§ Exercise aim: Only the lines from the first line of the data through the line containing "รูปหล่ออุดกริ่ง หลวงพ่อทวด รุ่นพิเศษ" belong in the answer, transcribed exactly; pictures do not.

§ Items listed in a dataset:

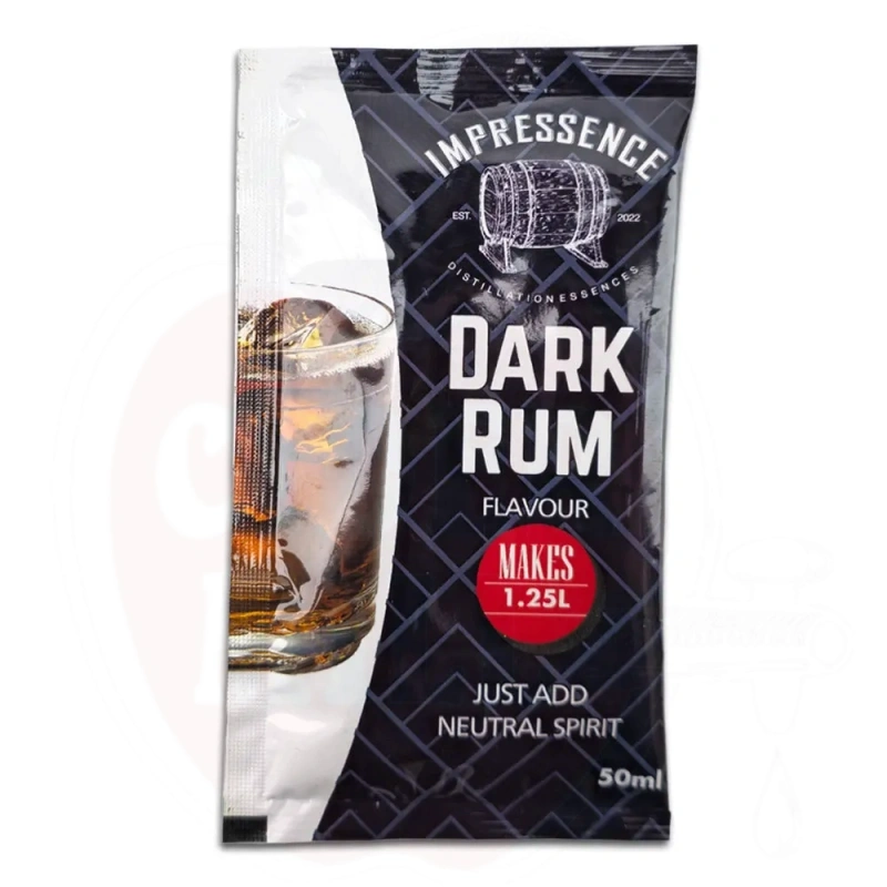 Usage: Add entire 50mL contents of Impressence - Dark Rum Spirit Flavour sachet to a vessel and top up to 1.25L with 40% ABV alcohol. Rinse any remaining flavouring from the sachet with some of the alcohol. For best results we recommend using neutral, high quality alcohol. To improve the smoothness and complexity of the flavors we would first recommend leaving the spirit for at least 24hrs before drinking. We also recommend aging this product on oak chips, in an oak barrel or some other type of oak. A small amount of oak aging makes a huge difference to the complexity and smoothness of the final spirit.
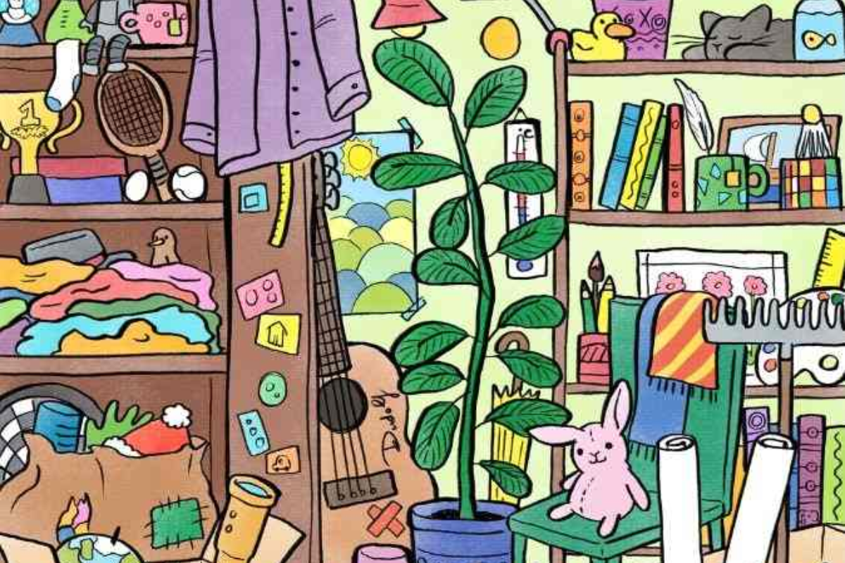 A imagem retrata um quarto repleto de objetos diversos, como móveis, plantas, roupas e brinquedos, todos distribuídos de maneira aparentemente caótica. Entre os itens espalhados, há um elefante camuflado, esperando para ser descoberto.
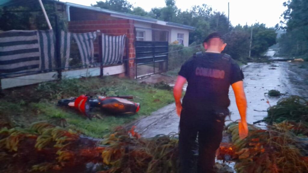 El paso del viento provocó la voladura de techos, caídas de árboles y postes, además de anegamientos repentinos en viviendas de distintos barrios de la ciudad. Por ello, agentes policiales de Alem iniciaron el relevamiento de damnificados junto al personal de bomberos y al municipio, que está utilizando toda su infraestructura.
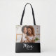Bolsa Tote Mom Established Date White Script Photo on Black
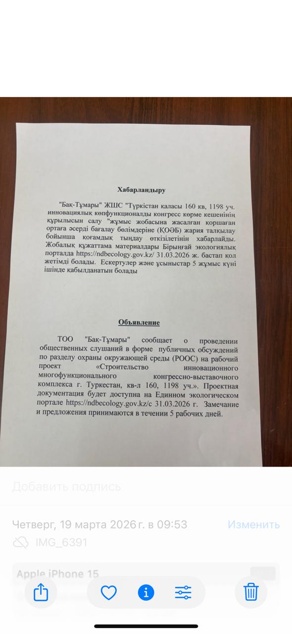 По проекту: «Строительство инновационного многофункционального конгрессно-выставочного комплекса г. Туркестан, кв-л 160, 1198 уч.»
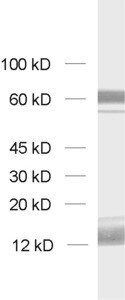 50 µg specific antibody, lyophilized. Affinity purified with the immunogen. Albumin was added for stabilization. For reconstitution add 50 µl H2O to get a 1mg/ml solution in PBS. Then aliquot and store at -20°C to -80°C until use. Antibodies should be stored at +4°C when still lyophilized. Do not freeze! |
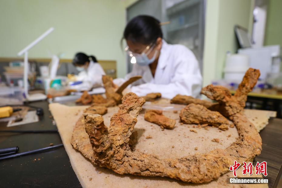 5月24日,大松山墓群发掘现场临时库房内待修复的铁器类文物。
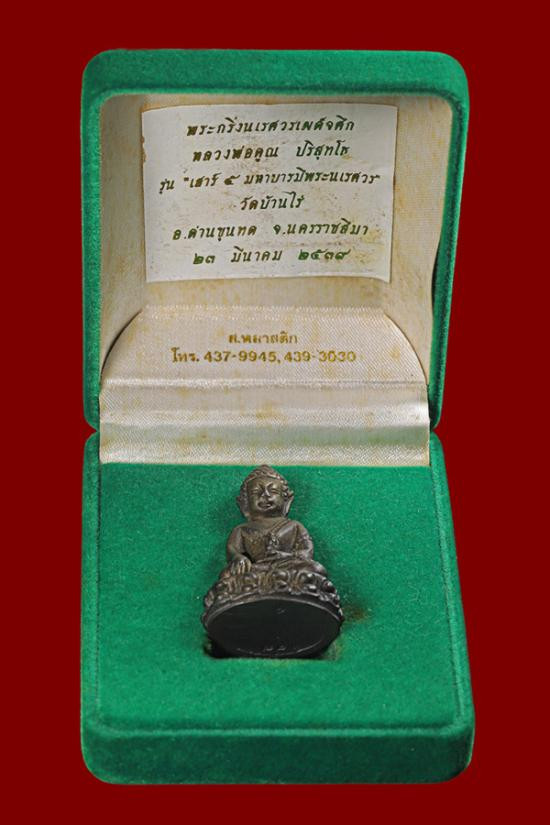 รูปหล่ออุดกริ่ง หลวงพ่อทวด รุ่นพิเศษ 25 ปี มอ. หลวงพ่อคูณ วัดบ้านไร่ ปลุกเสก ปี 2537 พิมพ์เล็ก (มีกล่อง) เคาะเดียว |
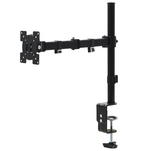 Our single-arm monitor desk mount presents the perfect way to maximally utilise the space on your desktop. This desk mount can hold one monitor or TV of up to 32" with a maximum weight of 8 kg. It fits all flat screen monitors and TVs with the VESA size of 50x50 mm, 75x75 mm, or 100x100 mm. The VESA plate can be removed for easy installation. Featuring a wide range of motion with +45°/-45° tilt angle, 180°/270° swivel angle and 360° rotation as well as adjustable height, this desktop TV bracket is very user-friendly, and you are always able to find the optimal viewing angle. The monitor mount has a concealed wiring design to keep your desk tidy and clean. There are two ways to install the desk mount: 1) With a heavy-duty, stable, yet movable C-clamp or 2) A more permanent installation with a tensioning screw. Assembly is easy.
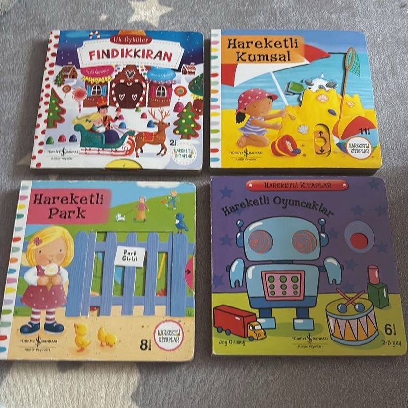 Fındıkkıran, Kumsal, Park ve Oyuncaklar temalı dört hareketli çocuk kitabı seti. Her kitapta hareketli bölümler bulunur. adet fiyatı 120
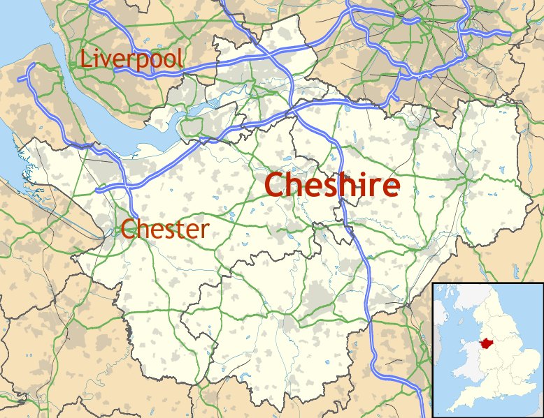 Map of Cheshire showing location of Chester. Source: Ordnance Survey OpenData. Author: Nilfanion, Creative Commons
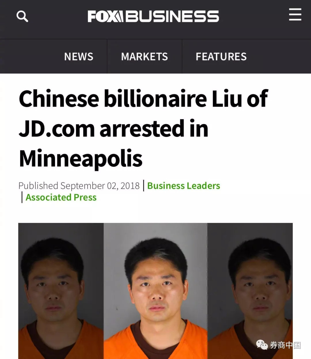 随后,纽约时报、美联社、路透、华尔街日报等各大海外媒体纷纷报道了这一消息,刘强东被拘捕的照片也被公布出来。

§ Your solution:
 Usage: Add entire 50mL contents of Impressence - Dark Rum Spirit Flavour sachet to a vessel and top up to 1.25L with 40% ABV alcohol. Rinse any remaining flavouring from the sachet with some of the alcohol. For best results we recommend using neutral, high quality alcohol. To improve the smoothness and complexity of the flavors we would first recommend leaving the spirit for at least 24hrs before drinking. We also recommend aging this product on oak chips, in an oak barrel or some other type of oak. A small amount of oak aging makes a huge difference to the complexity and smoothness of the final spirit.
 A imagem retrata um quarto repleto de objetos diversos, como móveis, plantas, roupas e brinquedos, todos distribuídos de maneira aparentemente caótica. Entre os itens espalhados, há um elefante camuflado, esperando para ser descoberto.
 El paso del viento provocó la voladura de techos, caídas de árboles y postes, además de anegamientos repentinos en viviendas de distintos barrios de la ciudad. Por ello, agentes policiales de Alem iniciaron el relevamiento de damnificados junto al personal de bomberos y al municipio, que está utilizando toda su infraestructura.
Bolsa Tote Mom Established Date White Script Photo on Black
 По проекту: «Строительство инновационного многофункционального конгрессно-выставочного комплекса г. Туркестан, кв-л 160, 1198 уч.»
 50 µg specific antibody, lyophilized. Affinity purified with the immunogen. Albumin was added for stabilization. For reconstitution add 50 µl H2O to get a 1mg/ml solution in PBS. Then aliquot and store at -20°C to -80°C until use. Antibodies should be stored at +4°C when still lyophilized. Do not freeze! |
 5月24日,大松山墓群发掘现场临时库房内待修复的铁器类文物。
 รูปหล่ออุดกริ่ง หลวงพ่อทวด รุ่นพิเศษ 25 ปี มอ. หลวงพ่อคูณ วัดบ้านไร่ ปลุกเสก ปี 2537 พิมพ์เล็ก (มีกล่อง) เคาะเดียว |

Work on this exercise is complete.